It is fair to say that if the Pope wades into a debate over the efficacy of a niche industrial technology, it is one that elicits at least some degree of controversy. In November, the supreme pontiff said in a Vatican statement that relying on carbon capture, utilisation and storage (CCUS) as a solution to fossil fuels was to “paper over the cracks” while allowing the deterioration to continue under the surface. “To suppose that all problems in the future will be able to be solved by new technical interventions is a form of homicidal pragmatism, like pushing a snowball down a hill,” he added.
Today, CCUS captures around 0.1% of global emissions – around 45 million tonnes of carbon dioxide (CO₂). However, both the Intergovernmental Panel on Climate Change (IPCC) and the International Energy Agency (IEA) assert it must capture around a billion tonnes a year by 2030 and several billion by 2050 for the world to achieve its net-zero ambitions.
The last few years have seen growing attention and investment for CCUS as a means of stopping carbon emissions from reaching the atmosphere and increasing global warming. The technology has received a shot in the arm from investment incentives in the US Bipartisan Infrastructure Law and Inflation Reduction Act. Meanwhile, the energy crisis emanating from the Ukraine War has emboldened Western fossil fuel producers to double down on the technology, under the premise that non-Russian oil and gas will be needed to ensure energy security. Under the same premise, in July, the UK Government approved new licences for oil and gas fields in the North Sea.
However, like the Pope, not everyone is sold on the idea. Many argue that the technology is a dangerous distraction from the long-term climate goal of ending the use of fossil fuels; a technology that has proven ineffective, costly and harmful to local communities.

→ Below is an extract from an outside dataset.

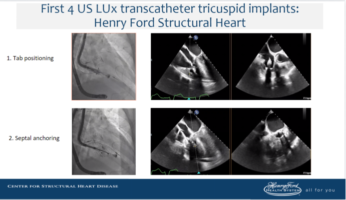Dee Dee Wang教授分享了Henry Ford Hospital前4例Lux-Valve Plus的植入經(jīng)驗(yàn),并提示術(shù)中確定瓣葉夾持鍵的位置處于三尖瓣瓣環(huán)下方(右心室側(cè)),以及室間隔固定片與室間隔的相對(duì)位置關(guān)系是最關(guān)鍵的兩個(gè)步驟。使用經(jīng)胃底短軸切面,有時(shí)配合右室流入/流出道切面的X-plane就能較容易地獲取相關(guān)影像。由于Lux-Valve Plus對(duì)超聲影像的要求較低,手術(shù)過程會(huì)相對(duì)比較流暢。
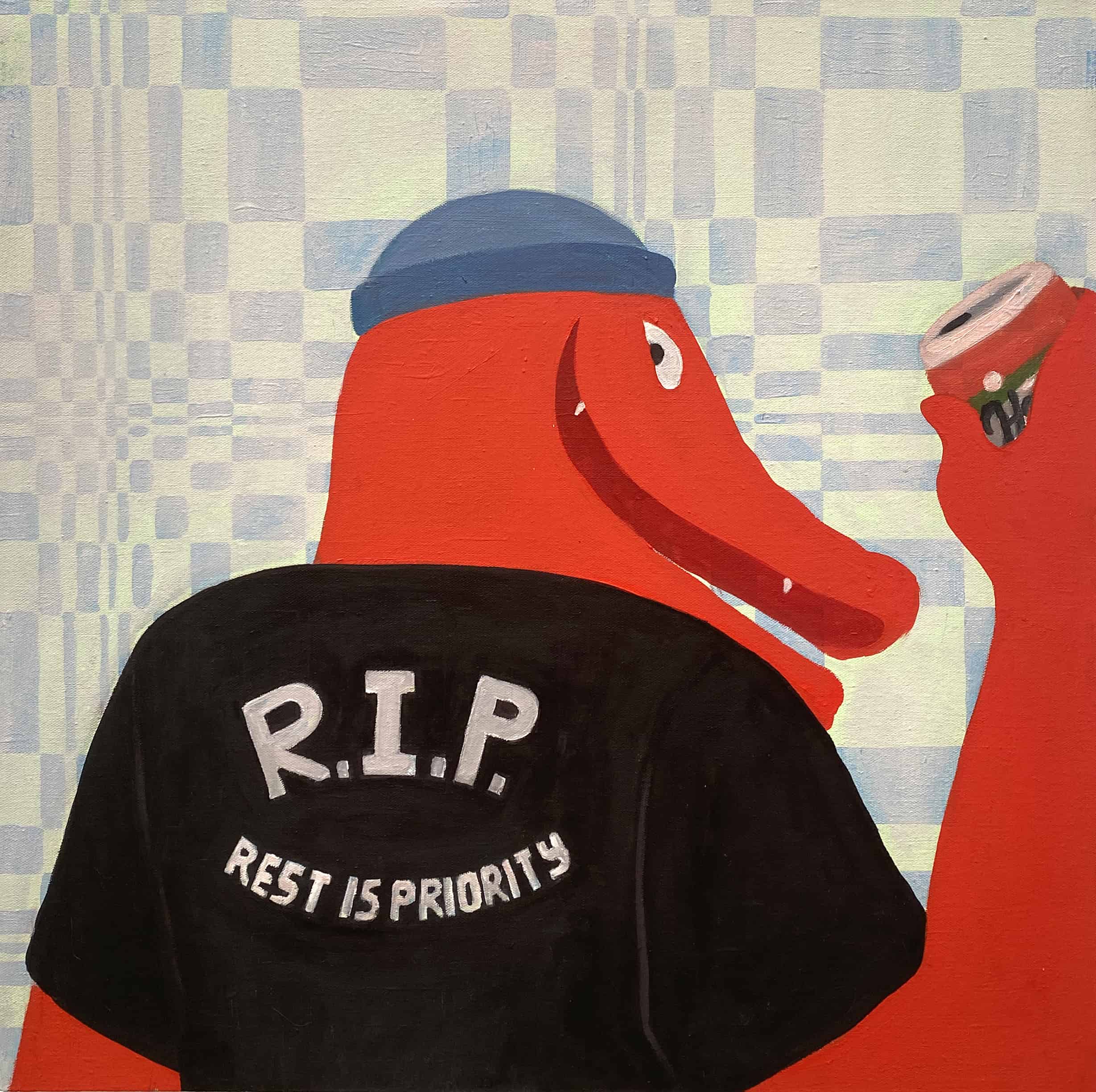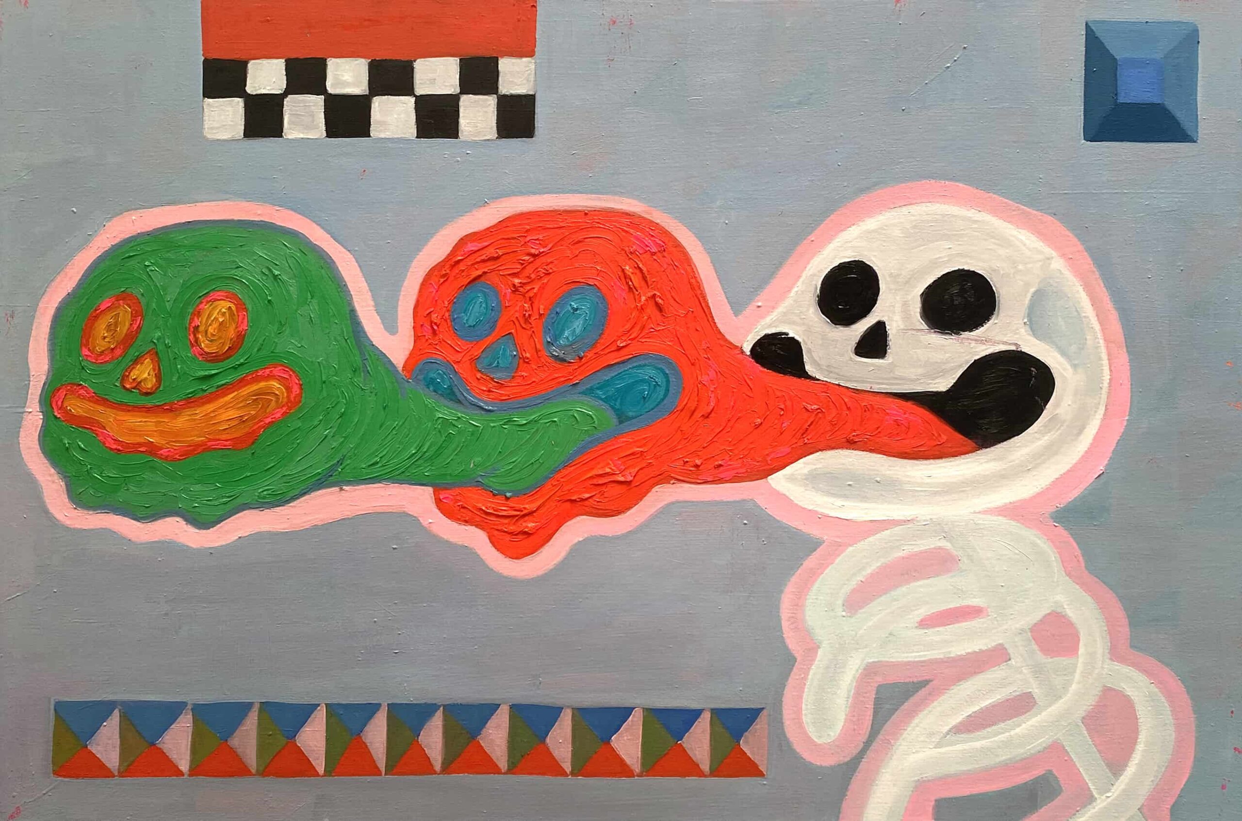 Bitto’s paintings are composed of various fragments coming from interior and exterior scenery of bars. His sprightly characters are contained in dizzying settings with hints of the apocalypse, such as in “Call Me Maybe”. As time passes and intoxication increases, the vivid colors and varying linear patterns present bring on a feeling of being in limbo between excitement and anxiety resulting from being under the influence. Acknowledging the ability of advertising to transform our view of ourselves as eager receptacles of ‘feel good’ experiences, a curious beverage appears in several compositions. The creation of a faux beer, complete with its product placement, promotes a carefree point of view. Additionally, it enables us to examine our relationship with social constructs around drinking as a collective affair that promotes fellowship.

CCUS is at the heart of negotiations at the COP28 climate summit in Dubai. A furious battle is waging over whether fossil fuels should be ‘phased down’ or ‘phased out’ and to what extent the use of ‘abatement’ technologies such as CCUS should permit the continued use of fossil fuels. COP28’s host, the United Arab Emirates, has significant oil and gas extraction plans, but also recently announced plans to use CCUS in its oil and gas sector.
With the price of everything from food to electricity reaching eye-watering heights across even the most advanced economies, and estimates of the cost of the global energy transition ranging from $100trn to $300trn between now and 2050, the average citizen could be forgiven for wondering whether instead of a massive switch to renewables, we could just continue burning fossil fuels and simply capture the carbon.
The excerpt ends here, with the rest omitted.